Small brokerage firms are taking their fight against having their accountants subject to regulation by the Public Company Accounting Oversight Board to the Senate.

The focus on the Senate comes after a compromise in the House of Representatives last week, first reported by Securities Industry News, that would give the Board the authority to decide whether auditors of small brokers need to register with them, rather than leaving the issue up to lawmakers.

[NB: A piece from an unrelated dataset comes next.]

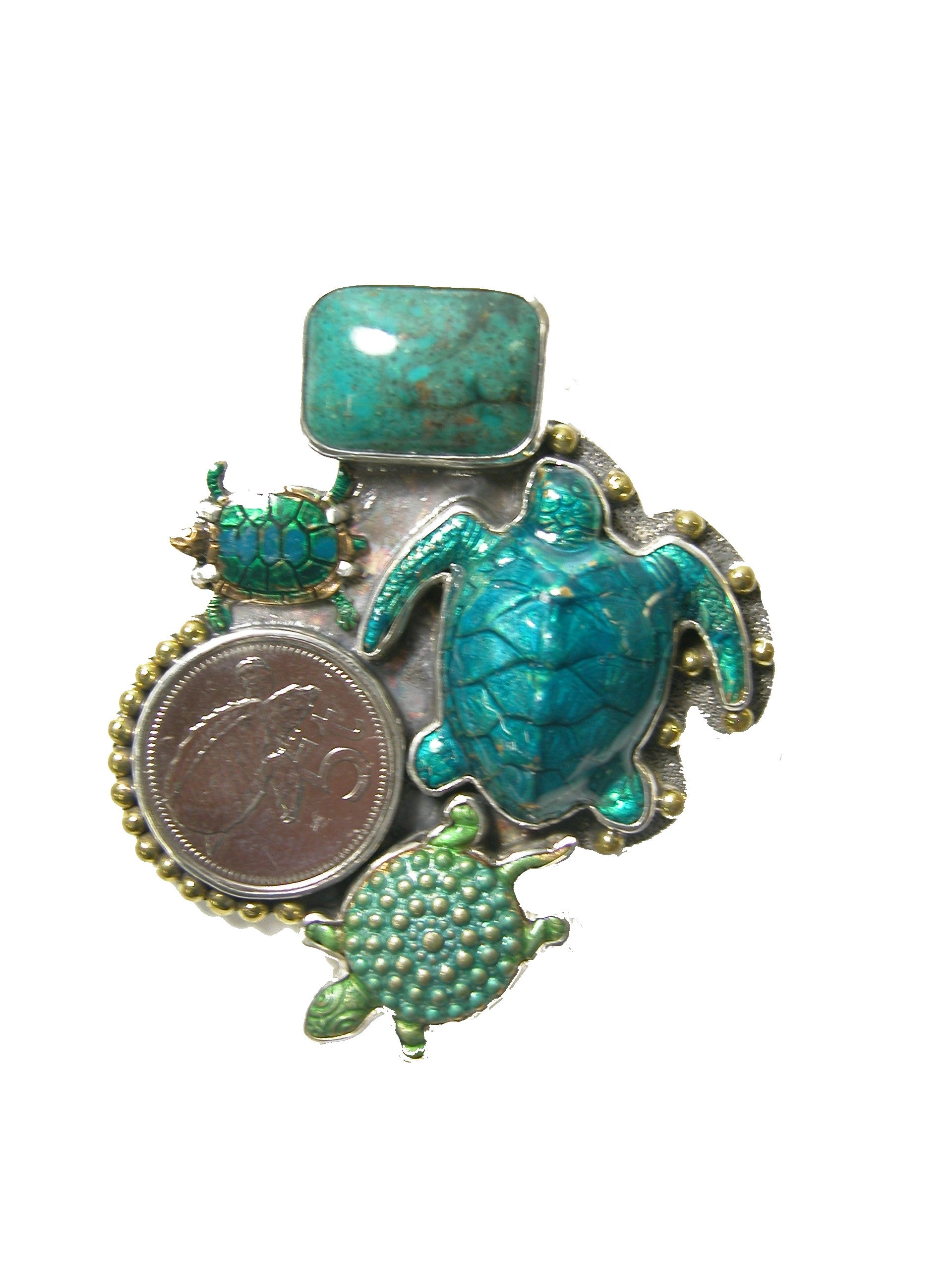 Turquoise Turtle Cluster Sterling Silver Pin and Pendant

Like the original House proposal, the Senate plan-part of Banking Committee Chairman Christopher Dodd's financial regulatory package-seeks to broaden the regulatory scope of the public accounting board so that auditors of all broker-dealers would be required to register with and be subject to inspection by the Board.

 

Smaller broker-dealers say the proposed law would hike audit costs for independent broker/dealers so much that some firms would go out of business. Instead, "an amendment is needed to redirect the attention of the PCAOB auditors to the custodial broker-dealers where scams like [Bernard] Madoff's are more likely to be uncovered," an industry source said last week.

 

The PCAOB is a private-sector nonprofit corporation created by the Sarbanes-Oxley Act of 2002, to oversee the auditors of public companies to make sure they have adequate systems in place to prepare and deliver fair and informative financial reports to investors.

 

The National Association of Independent Broker Dealers (NAIBD) has been raising awareness of the issue by focusing on the nuts-and-bolts impact of the proposal on small broker-dealers. Stephen Distante, chief executive of Vanderbilt Securities and chairman of NAIBD, told Securities Industry News that the issue centers on heavy PCAOB requirements for auditors of public companies.

 

For an auditor to become PCAOB-approved, the firm must complete an application and pay a fee. The Board then inspects the accounting firm, which must prepare in a way that can require internal system changes and operational shifts, says Susan Coffee, senior vice president at the American Institute of Certified Public Accountants (AICPA).

 

For example, quality control documentation is required on policies and procedures, compliance with rules and regulations, and independence, among other things. The PCAOB's oversight of Sarbanes-Oxley requirements and accounting standards focuses on making sure, among other things, that adequate controls are place to make sure that financial assets accumulated in balance sheets and other reports actually exist; that verifiable documentation is maintained; and that adequate tests of those controls have been performed.

 

There are also operational impacts relating to how employees must be deployed, as staff members are moved from other tasks to monitor and control the procedures used to collect and report financial data. This hikes personnel costs.

 

The result, according to Coffee, is that broker-dealers can be hit with a double whammy: The PCAOB charges the broker-dealers fees to cover the inspections, and accountants also charge more for the audit, passing along their own costs associated with the inspections.

 

An Expensive Audit

If these requirements are extended to auditors of all broker-dealers, "That becomes a very expensive audit," Distante says. "My audit fee now is $8,000. I would be looking at between $50,000 and $100,000 if this is put in place. If the provision passes, small firms may have to determine whether they want to be in business any longer" (see box).